Entries taken from a collection
----------------

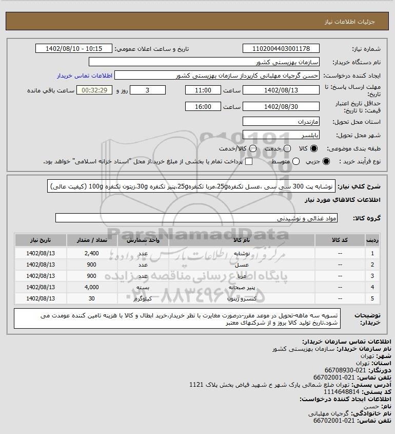 | 5 | -- | کنسرو زیتون | کیلوگرم | 30 | 1402/08/13 |
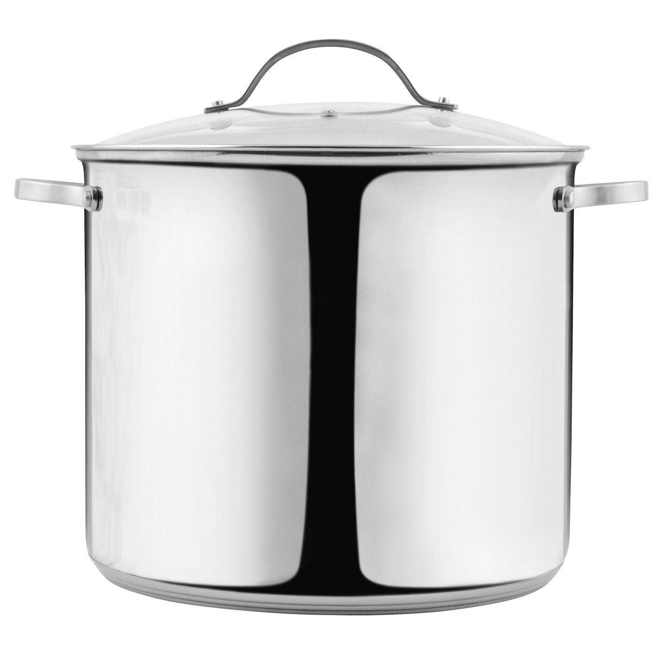 Denne stålgryten fra Day har innvendig mål i gryten, og et glasslokk med damphull. Den kan brukes på alle platetopper, også induksjon.
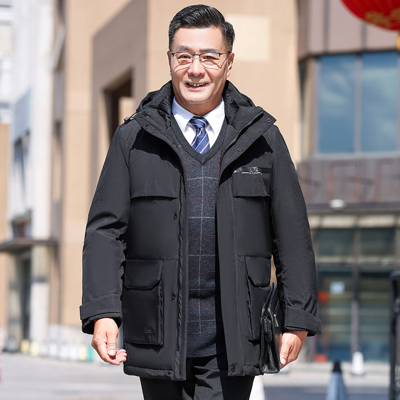 爸爸冬装运动羽绒服防寒保暖派克服加厚中年男士冬季外套爷爷衣服
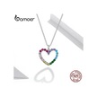 Bamoer 925 Ayar Gümüş Gökkuşağı Renkli Kalp Desen Aşk Göz Kamaştırıcı Zirkon Kolye Zincir Bağlantı Kadınlar Takı İçin
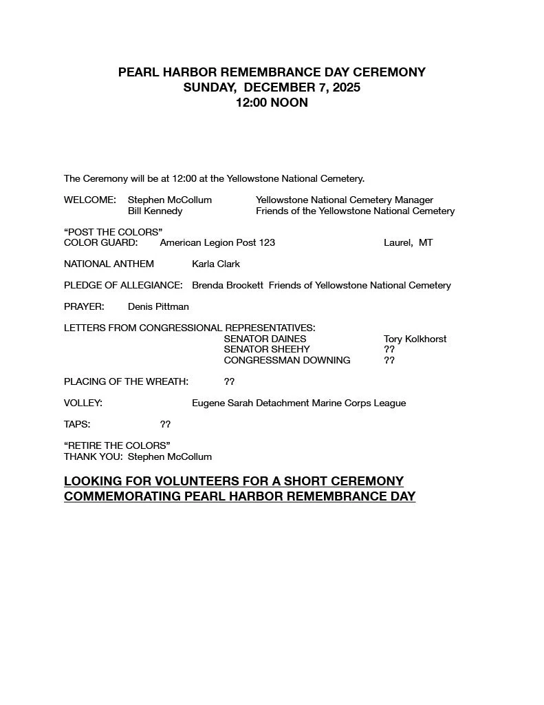 The ceremony will include a welcome from Yellowstone National Cemetery staff and Friends of YNC, presentation of the colors by American Legion Post 123, the National Anthem, Pledge of Allegiance, prayer, congressional letters, wreath placement, a volley by the Marine Corps League, and Taps. Community members are invited to attend as we reflect, remember, and pay tribute.
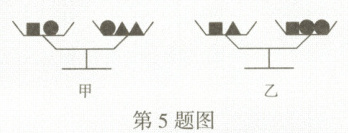 5. 小亮学习了等式的性质后,在甲、乙两台天平的左右两边分别放入“■”“●”“▲”三种物体,如图,天平都保持平衡. 若设“■”与“●”的质量分别为 $m,n$,则下列关系式中正确的是 (
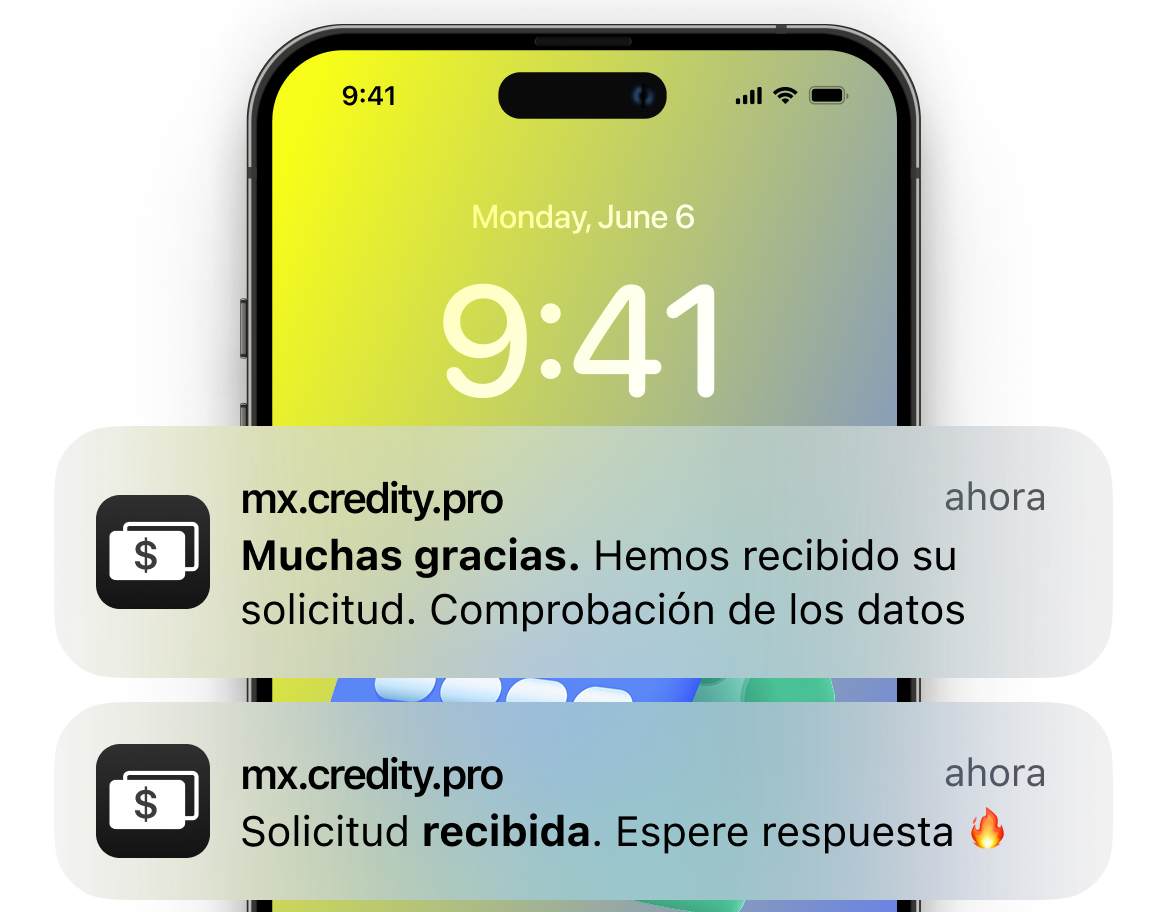 Los “Términos y Condiciones” y “Política de privacidad” de mx.credity.pro, se aplican al uso de este sitio y sus servicios. mx.credity.pro conecta a los solicitantes de préstamo con los prestamistas de la red de mx.credity.pro y se aplicarán términos y condiciones específicos del socio prestamista específico a cualquier préstamo que solicite un prestatario. Los servicios de mx.credity.pro son unicamente administrativos y de consulta. El uso del sitio mx.credity.pro y sus servicios son gratuitos. Cualquier presentación de Tasa Anual, montos de préstamos, tasas de intereses u otros detalles del préstamo son proporcionados solamente por los socios prestamistas y pueden estar sujetos a cambios. El socio de préstamo con el que conecta el solicitante de préstamo puede no ofrecer los mejores términos posibles y los solicitantes de préstamo deben comparar todas las opciones disponibles antes de tomar cualquier decisión. mx.credity.pro no es un prestamista y no gestiona u otorga préstamos o decisiones crediticias. Este sitio no constituye una oferta o solución de prestación. La aprobación de un préstamo no está garantizada. La Tasa Anual de un préstamo personal varía dependiendo del prestamista, y algunos proveedores ofrecen tasas del 12% a 1,500% y duraciones de préstamo entre 91 días y 48 meses. Si le ofrecen un préstamo, tendrá la oportunidad de revisar la oferta final hecha por el prestamista o el socio prestamista y aceptar su contrato de préstamo. Ejemplo representativo: si pide prestado $ 10,000 en una Tasa Anual de 12% con un plazo de reembolso de 6 meses, el reembolso mensual será de $ 1,732.98. El reembolso total será de $ 10,397.88
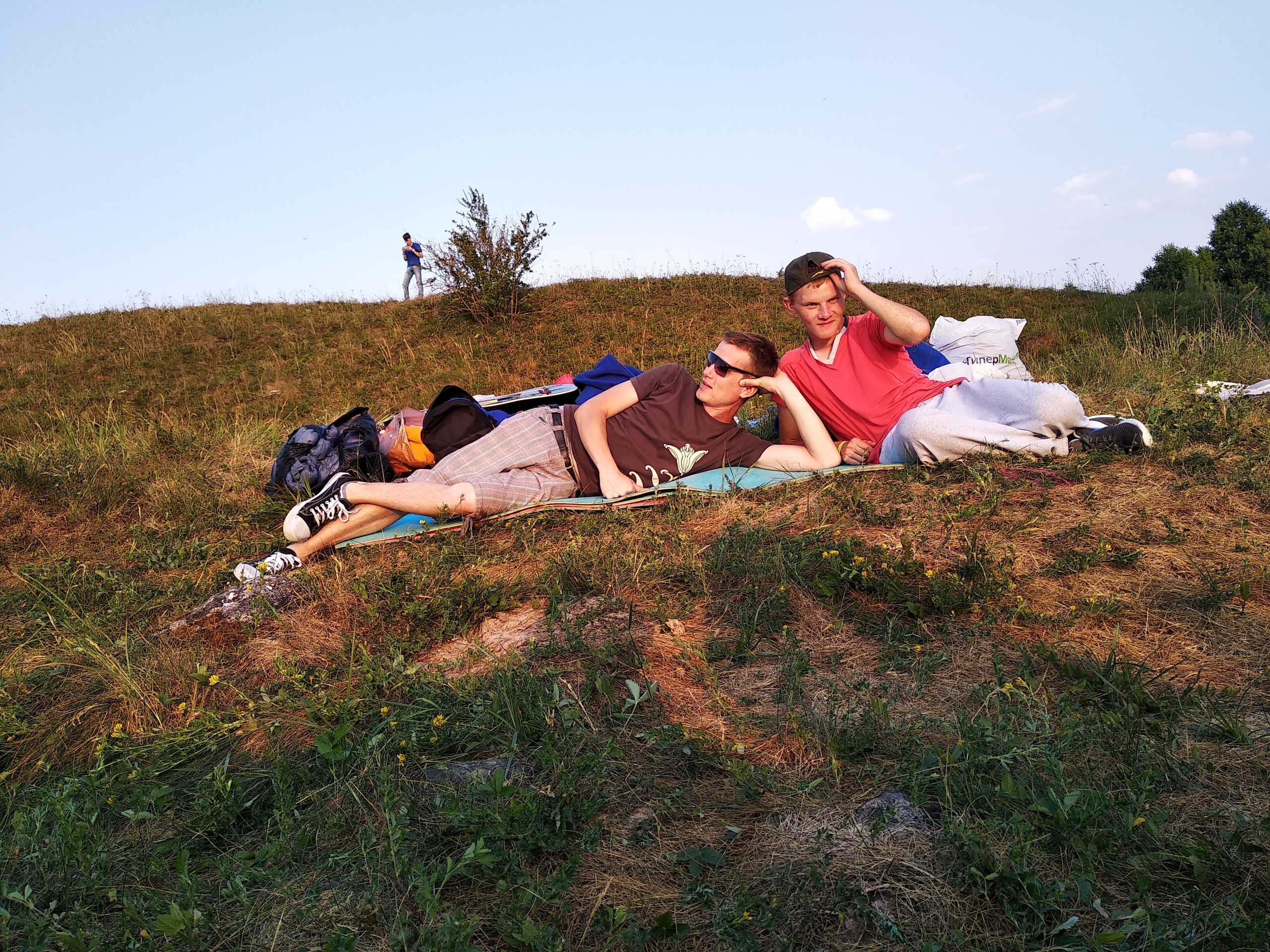 А еще мы ходили в настоящий поход с ночевкой, обернувшийся для всех настоящим приключением! Мы расставили палатки, разожгли костер, приготовили вкуснейший ужин, пели песни и играли в "крокодила". И вот, когда все разбрелись по палаткам, довольные и приятно уставшие, на наш лагерь налетела настоящая буря с громом, молниями, шквалистым ветром и проливным дождем! Вскоре стало понятно, что прокатные палатки не в состоянии сдержать напор стихии, и началась срочная эвакуация. Все конечно промокли немного, но до сих пор с восторгом путешественников вспоминают наш поход.
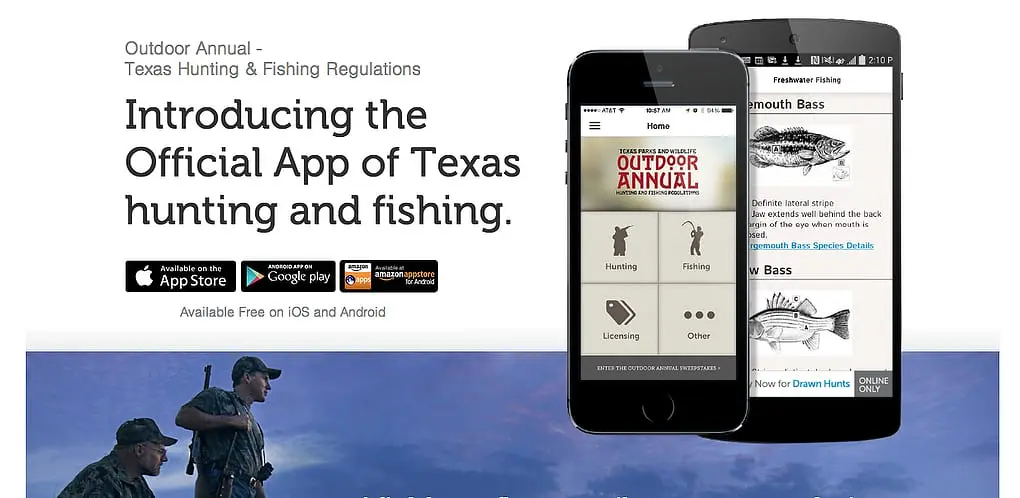 To download the new app, visit www.txoutdoorannual.com/app or search the iTunes App Store, Amazon AppStore or Google Play for Outdoor Annual – Texas Hunting and Fishing Regulations.

----------------

• What needs to be done
An exact, word-for-word copy of the records is expected, with no pictures in it.

• Result of this exercise
 | 5 | -- | کنسرو زیتون | کیلوگرم | 30 | 1402/08/13 |
 Denne stålgryten fra Day har innvendig mål i gryten, og et glasslokk med damphull. Den kan brukes på alle platetopper, også induksjon.
 爸爸冬装运动羽绒服防寒保暖派克服加厚中年男士冬季外套爷爷衣服
 Bamoer 925 Ayar Gümüş Gökkuşağı Renkli Kalp Desen Aşk Göz Kamaştırıcı Zirkon Kolye Zincir Bağlantı Kadınlar Takı İçin
 The ceremony will include a welcome from Yellowstone National Cemetery staff and Friends of YNC, presentation of the colors by American Legion Post 123, the National Anthem, Pledge of Allegiance, prayer, congressional letters, wreath placement, a volley by the Marine Corps League, and Taps. Community members are invited to attend as we reflect, remember, and pay tribute.
 5. 小亮学习了等式的性质后,在甲、乙两台天平的左右两边分别放入“■”“●”“▲”三种物体,如图,天平都保持平衡. 若设“■”与“●”的质量分别为 $m,n$,则下列关系式中正确的是 (
 Los “Términos y Condiciones” y “Política de privacidad” de mx.credity.pro, se aplican al uso de este sitio y sus servicios. mx.credity.pro conecta a los solicitantes de préstamo con los prestamistas de la red de mx.credity.pro y se aplicarán términos y condiciones específicos del socio prestamista específico a cualquier préstamo que solicite un prestatario. Los servicios de mx.credity.pro son unicamente administrativos y de consulta. El uso del sitio mx.credity.pro y sus servicios son gratuitos. Cualquier presentación de Tasa Anual, montos de préstamos, tasas de intereses u otros detalles del préstamo son proporcionados solamente por los socios prestamistas y pueden estar sujetos a cambios. El socio de préstamo con el que conecta el solicitante de préstamo puede no ofrecer los mejores términos posibles y los solicitantes de préstamo deben comparar todas las opciones disponibles antes de tomar cualquier decisión. mx.credity.pro no es un prestamista y no gestiona u otorga préstamos o decisiones crediticias. Este sitio no constituye una oferta o solución de prestación. La aprobación de un préstamo no está garantizada. La Tasa Anual de un préstamo personal varía dependiendo del prestamista, y algunos proveedores ofrecen tasas del 12% a 1,500% y duraciones de préstamo entre 91 días y 48 meses. Si le ofrecen un préstamo, tendrá la oportunidad de revisar la oferta final hecha por el prestamista o el socio prestamista y aceptar su contrato de préstamo. Ejemplo representativo: si pide prestado $ 10,000 en una Tasa Anual de 12% con un plazo de reembolso de 6 meses, el reembolso mensual será de $ 1,732.98. El reembolso total será de $ 10,397.88
 А еще мы ходили в настоящий поход с ночевкой, обернувшийся для всех настоящим приключением! Мы расставили палатки, разожгли костер, приготовили вкуснейший ужин, пели песни и играли в "крокодила". И вот, когда все разбрелись по палаткам, довольные и приятно уставшие, на наш лагерь налетела настоящая буря с громом, молниями, шквалистым ветром и проливным дождем! Вскоре стало понятно, что прокатные палатки не в состоянии сдержать напор стихии, и началась срочная эвакуация. Все конечно промокли немного, но до сих пор с восторгом путешественников вспоминают наш поход.
 To download the new app, visit www.txoutdoorannual.com/app or search the iTunes App Store, Amazon AppStore or Google Play for Outdoor Annual – Texas Hunting and Fishing Regulations.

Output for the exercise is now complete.